Analysts expect the company to take a couple of years after entering Canada before wading into a new market.
Before focusing on an international plan, Target likely wanted to tackle improving its U.S. operations, Edwards said. In recent years it had to fight off a push from hedge fund manager William Ackman while dealing with the impact of the recession on Americans’ spending habits.
“I don’t believe the U.S. consumer is going to get that much better for a number of years,” said Edwards. “So you want to go where the money is, and frankly, the money’s in Canada.”
Canadian retailers have faced growing competition as U.S. rivals look to the relatively healthy market north of the border. Canada’s recession was shallower than that in the United States, and comparably modest retail rents have made it a logical place to expand.
Other U.S. retailers tipped to expand into Canada include Marshalls and Dick’s Sporting Goods.

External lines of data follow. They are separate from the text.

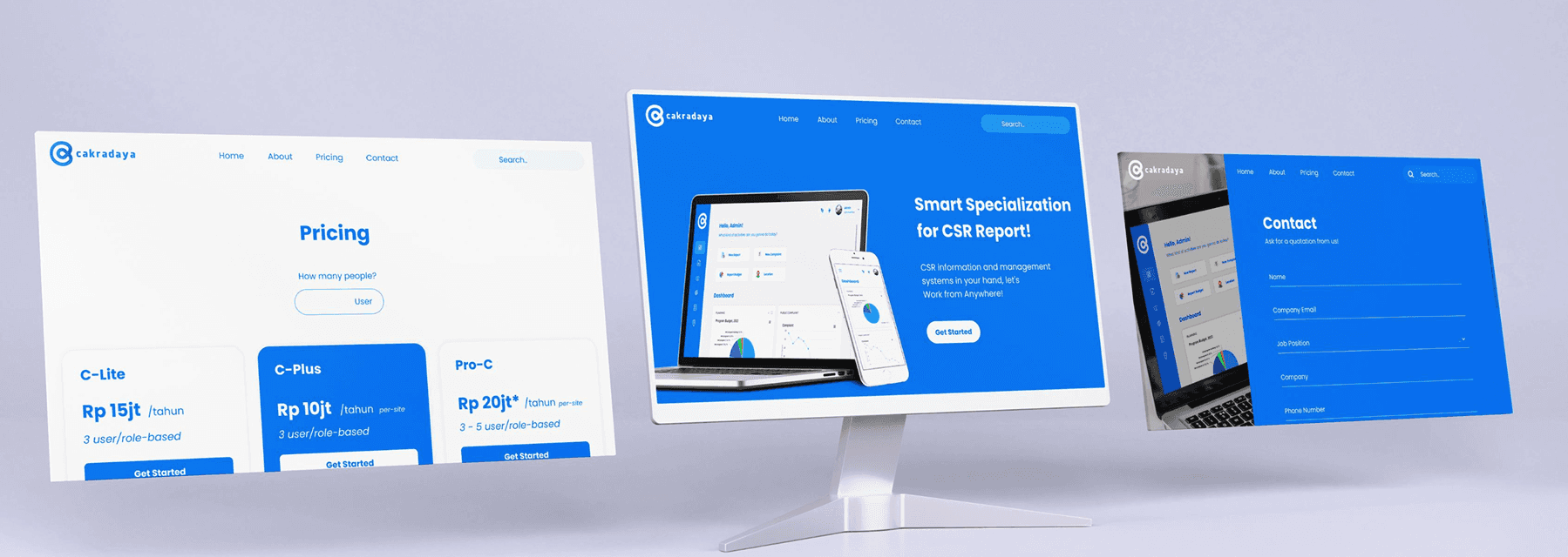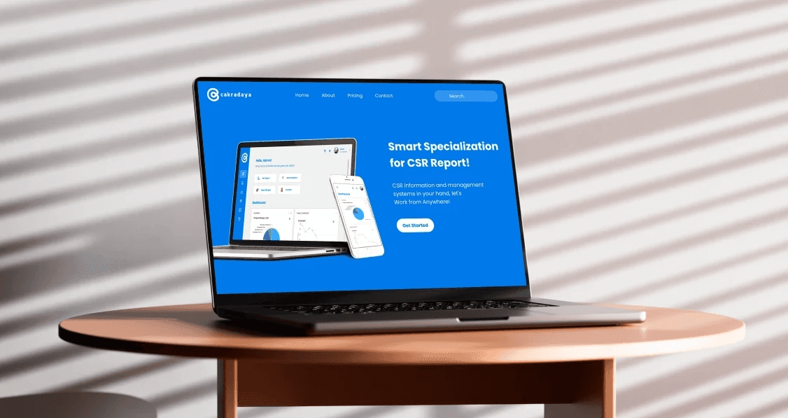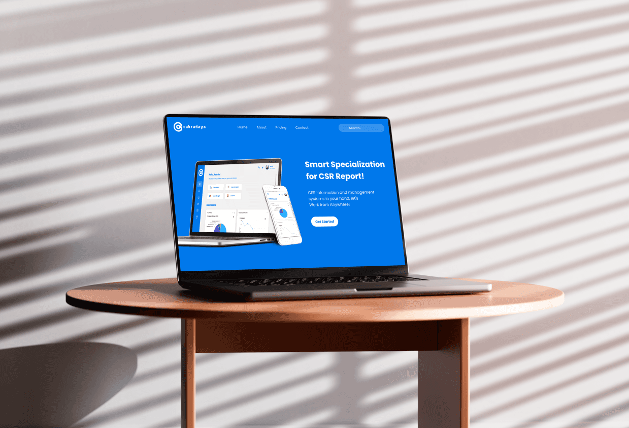 The web design created for the Cakradaya application serves to promote and facilitate the buying and selling of the app. It features a visually appealing layout that highlights key features and benefits, ensuring potential users are engaged.
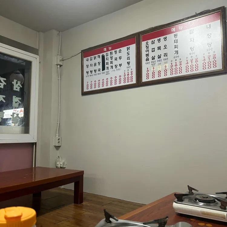 식당 내부는 아늑하고 따뜻한 느낌이에요. 나무로 된 테이블과 의자가 배치되어 있어 편안하게 식사할 수 있는 환경이 조성되어 있어요. 메뉴판도 깔끔하게 정리되어 있어, 다양한 선택지를 쉽게 확인할 수 있답니다.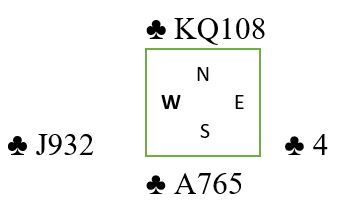 Det spilles liten kløver mot bordet. Om vest legger liten vinnes med kongen, så spilles garantert liten tilbake til syds ess. For det er nå kun en 4-1 sits spillefører kan løse. Om øst har J-9 fjerde har han sikkert stikk uansett. Idet liten spilles fra nord i andre trumfrunde følger ikke øst farge. En markert finesse med tieren tas i fargens tredje runde. Fargen så altså slik ut fra start: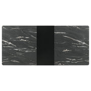 The luxurious look of faux marble creates a glam sensibility for a modern dining table. The black marble look of the tabletop complements a sleek base with fin-style legs and a recessed apron. The table includes a self-storing leaf for easy expansion to accommodate guests or the family. Its black base finish is crisp and classic, offering timeless elegance that never goes out of style. It's the perfect way to bring fresh, modern energy to your dining room. Key Features: • Stylish and chic, a modern dining table features fin-style legs for a rich look • Faux marble finish tabletop creates a sense of luxury perfect for a dedicated dining room • Black finish base and leaf create drama and depth, offering richness and character in any setting • Edge of the table is beveled to create a stylish sense of dimension and sleek style • Table includes a self-storing leaf for easy expansion to accommodate guests

Wal-Mart does not break down non-U.S. sales by country, but rang up more than $100 billion in international revenue last year.
There are 279 Zellers stores across Canada, and Hudson’s Bay said there were no plans to close the remaining stores or discontinue the Zellers brand.
“The plan is to continue to run the rest of the Zellers stores,” said spokeswoman Freda Colbourne. “There are a lot of places across the country that Target’s probably not interested in moving into, where Zellers enjoys a great presence.”
Colbourne said other retailers may want to purchase some of the remaining spaces.
Hudson’s Bay once owned 3 million square miles (7.8 million square km) of what is now Canada -- an area more than 10 times the size of Texas. It acquired the 80-year-old Zellers, its discount brand, in 1978. Walter Zeller launched the company in 1931 when he bought 14 Canadian stores from American retailer Schulte-United.
Target shares, which initially rose to $56.28, were down 13 cents at $55.22 in New York.